[Opening Provided records section]

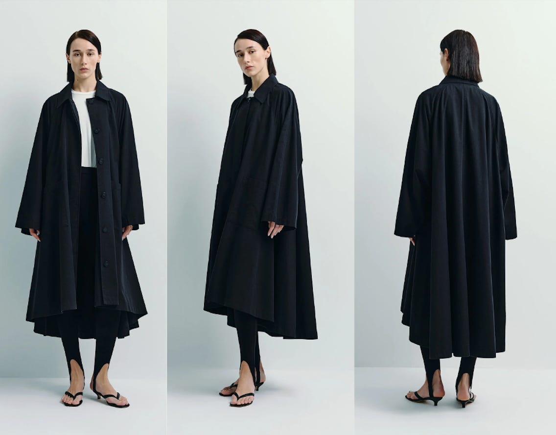 The netted and see-through slip-on shoe is back for a third summer. You’ll find them at diverse price points, from Reformation to Khaite. The pragmatic in me worries about the mesh and crochet versions faring poorly after a few weeks of pounding the dirty pavement. Totême added these woven leather flats to their Spring lineup. With a similar sock silhouette, these seem like they would be more durable. Other notable additions include this 100% silk cape knit and this striking lambskin suede panelled coat.
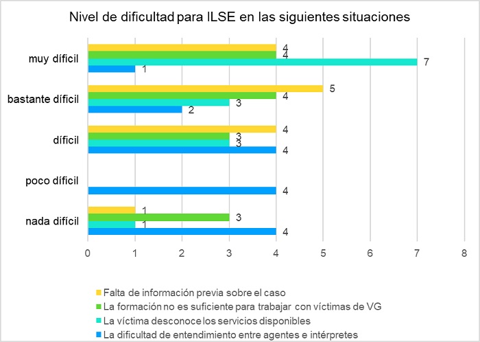 A la hora de valorar la dificultad para una serie de cuestiones en una escala de cinco (nada difícil, poco difícil, difícil, bastante difícil, muy difícil): a) dificultad de entendimiento entre agentes e intérpretes, b) la víctima desconoce los servicios disponibles, c) la formación no es suficiente para trabajar con víctimas de violencia de género y d) falta de información previa sobre el caso (gráficos 11 y 12), lo que más parece preocupar, tanto al grupo general como al específico de ILSE, es el b) la víctima desconoce los servicios disponibles. La falta de información sobre los apoyos que ofrecen las diferentes administraciones se perfila, pues, como un rasgo común entre las mujeres sordas y las migrantes, refugiadas y solicitantes de asilo. Todas comparten las mismas dificultades de comunicación y de escasa autonomía. En relación con la reducida autonomía de las mujeres sordas, uno de los factores determinantes es la sobreprotección que experimentan en general las personas sordas (Soroa, 2018). La misma autora señala que en el caso de las mujeres a esta sobreprotección se añade la educación sexista y los roles asignados por el patriarcado a las mujeres. En segundo puesto se valora como «difícil», «bastante difícil» o «muy difícil» la falta de información previa sobre el caso, aunque los datos muestran una mayor incidencia en el grupo general que en el de ILSE. El tercer lugar lo ocupa que no se considera suficiente la formación, y parece haber una menor preocupación en general sobre el entendimiento entre agentes e intérpretes.
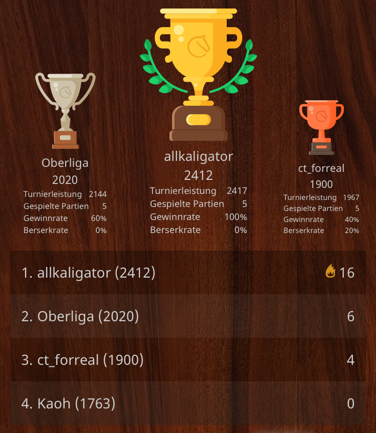 Für ihn gab es heute nichts zu holen, da der allseits berüchtigte „Schach-Alligator“ (der die erste und zweite Auflage des Turniers gewinnen konnte) nach dreimonatiger Abstinenz ein Comeback hingelegt hat – und wie. Nicht nur, dass er beide Duelle gegen seinen direkten Verfolger Oberliga gewinnen konnte, sondern auch seine Gesamtpunktzahl machte diesen Sieg klar wie Kloßbrühe.
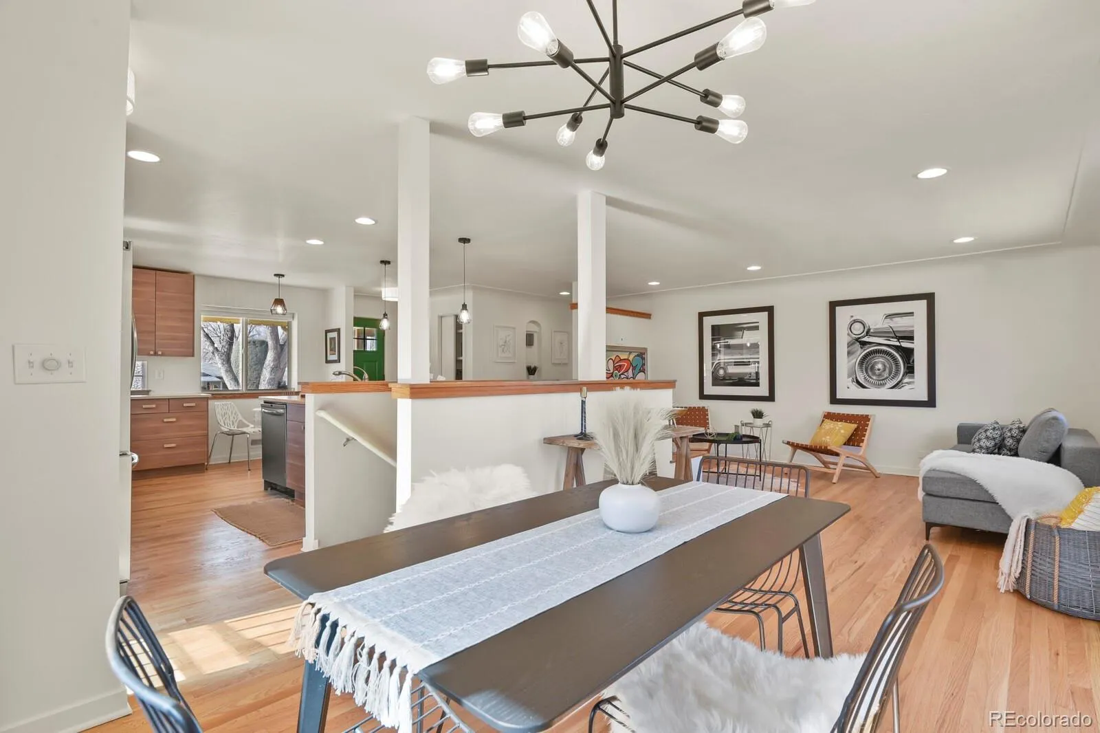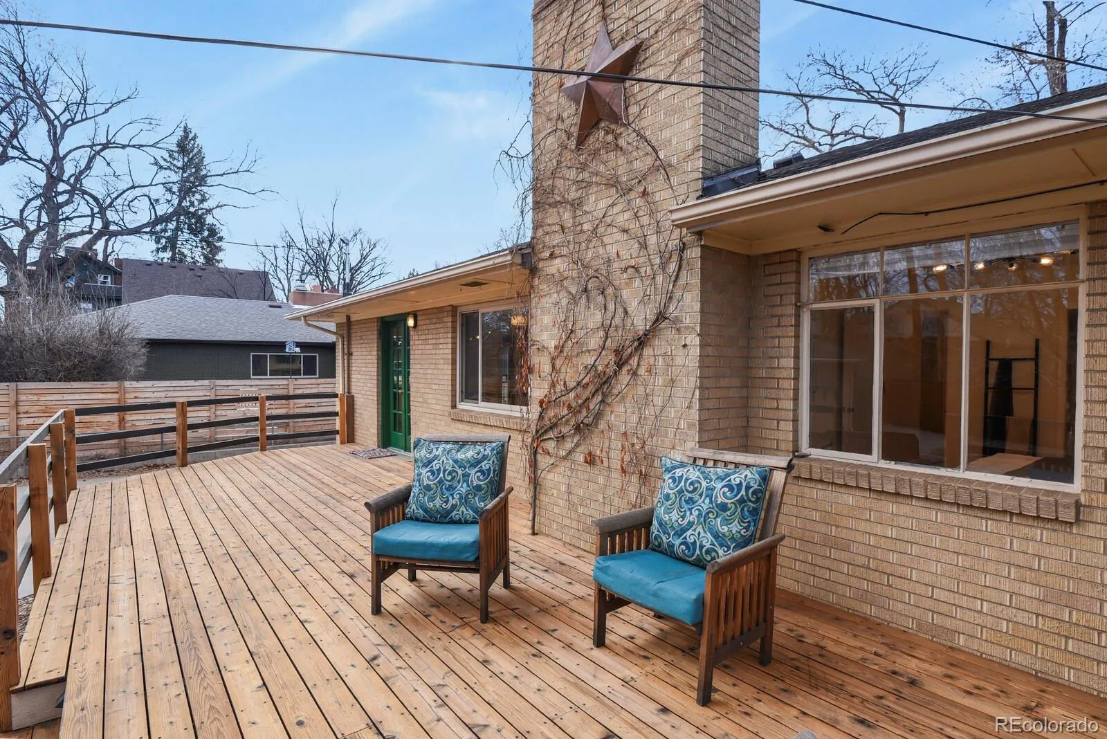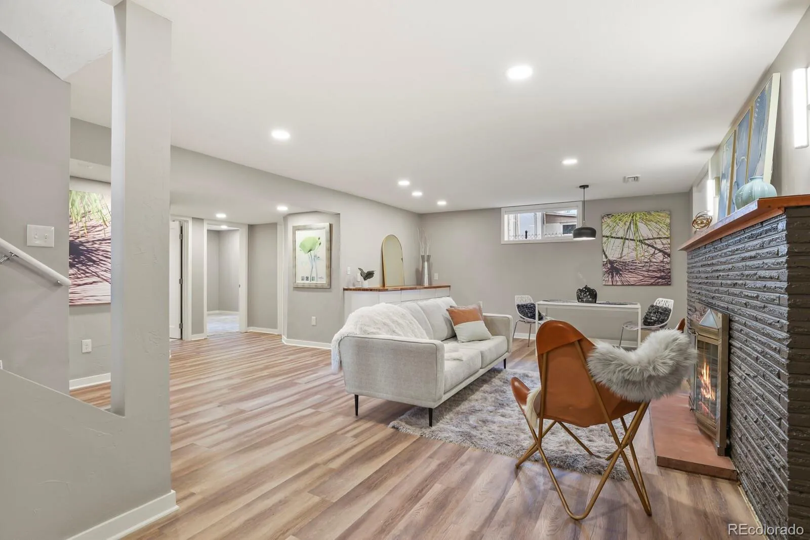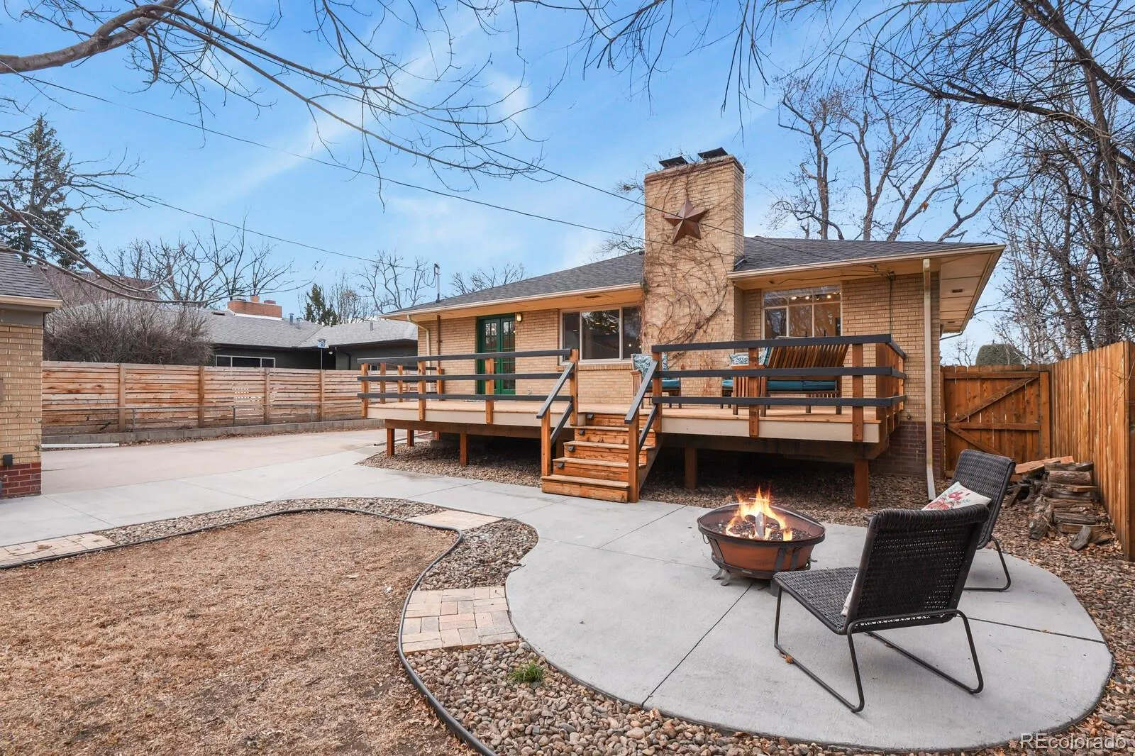Welcome to 1340 Olive Street, a beautifully updated raised ranch in coveted Montclair—just moments from the iconic Richthofen Castle and a short stroll to Montclair Park. This classic blonde brick home offers 5beds+office/2baths across 2,594 square feet of highly functional living space. Step inside to an open-concept main level filled with natural light. The spacious living room flows seamlessly into a thoughtfully designed kitchen featuring modern cabinetry, period glass block accents, a HUGE center island, sunny south-facing window, and additional eat-in space. Original French doors off the dining area open to an expansive cedar deck, perfect for effortless indoor-outdoor living. The main floor includes a generous primary bedroom, two additional bedrooms with ample closets, and a full bath conveniently positioned near two hallway linen closets. Downstairs, you’ll find a massive family room anchored by a brick-surround wood-burning fireplace. A dedicated bar area—already plumbed for a future wet bar—makes this the ultimate entertaining level. Two conforming basement bedrooms, an updated ¾ bath, and a bright flex room (ideal for an office, gym, or media room) add incredible versatility. The oversized laundry area offers abundant storage, utility sink, and bonus space perfect for a workshop or wine cellar. Situated on a generous 7,800 sq ft lot, the outdoor spaces truly shine. Enjoy the raised covered front porch, host unforgettable gatherings on the HUGE back deck, and unwind around the natural gas firepit. The oversized two-car garage includes a “secret” bonus room for creative space or retreat, plus a long driveway and additional parking pad provide exceptional off-street parking—ideal for guests or recreational vehicles. Fresh interior paint, newly refinished hardwood floors, easy access to I-70, and a central location just minutes from downtown, Central Park, and Lowry complete the package. Classic charm. Modern updates. Prime location.
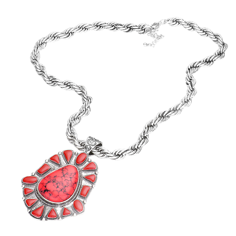 Natural Stone Centered Antique Metal Pendant Necklace

[Closing Provided records section]

Going by the entries above, repeat exactly the lines that start at the line with "A la hora de" and go on through the line with "Für ihn gab". Pictures are not part of the copy.

Written response:
 A la hora de valorar la dificultad para una serie de cuestiones en una escala de cinco (nada difícil, poco difícil, difícil, bastante difícil, muy difícil): a) dificultad de entendimiento entre agentes e intérpretes, b) la víctima desconoce los servicios disponibles, c) la formación no es suficiente para trabajar con víctimas de violencia de género y d) falta de información previa sobre el caso (gráficos 11 y 12), lo que más parece preocupar, tanto al grupo general como al específico de ILSE, es el b) la víctima desconoce los servicios disponibles. La falta de información sobre los apoyos que ofrecen las diferentes administraciones se perfila, pues, como un rasgo común entre las mujeres sordas y las migrantes, refugiadas y solicitantes de asilo. Todas comparten las mismas dificultades de comunicación y de escasa autonomía. En relación con la reducida autonomía de las mujeres sordas, uno de los factores determinantes es la sobreprotección que experimentan en general las personas sordas (Soroa, 2018). La misma autora señala que en el caso de las mujeres a esta sobreprotección se añade la educación sexista y los roles asignados por el patriarcado a las mujeres. En segundo puesto se valora como «difícil», «bastante difícil» o «muy difícil» la falta de información previa sobre el caso, aunque los datos muestran una mayor incidencia en el grupo general que en el de ILSE. El tercer lugar lo ocupa que no se considera suficiente la formación, y parece haber una menor preocupación en general sobre el entendimiento entre agentes e intérpretes.
 Für ihn gab es heute nichts zu holen, da der allseits berüchtigte „Schach-Alligator“ (der die erste und zweite Auflage des Turniers gewinnen konnte) nach dreimonatiger Abstinenz ein Comeback hingelegt hat – und wie. Nicht nur, dass er beide Duelle gegen seinen direkten Verfolger Oberliga gewinnen konnte, sondern auch seine Gesamtpunktzahl machte diesen Sieg klar wie Kloßbrühe.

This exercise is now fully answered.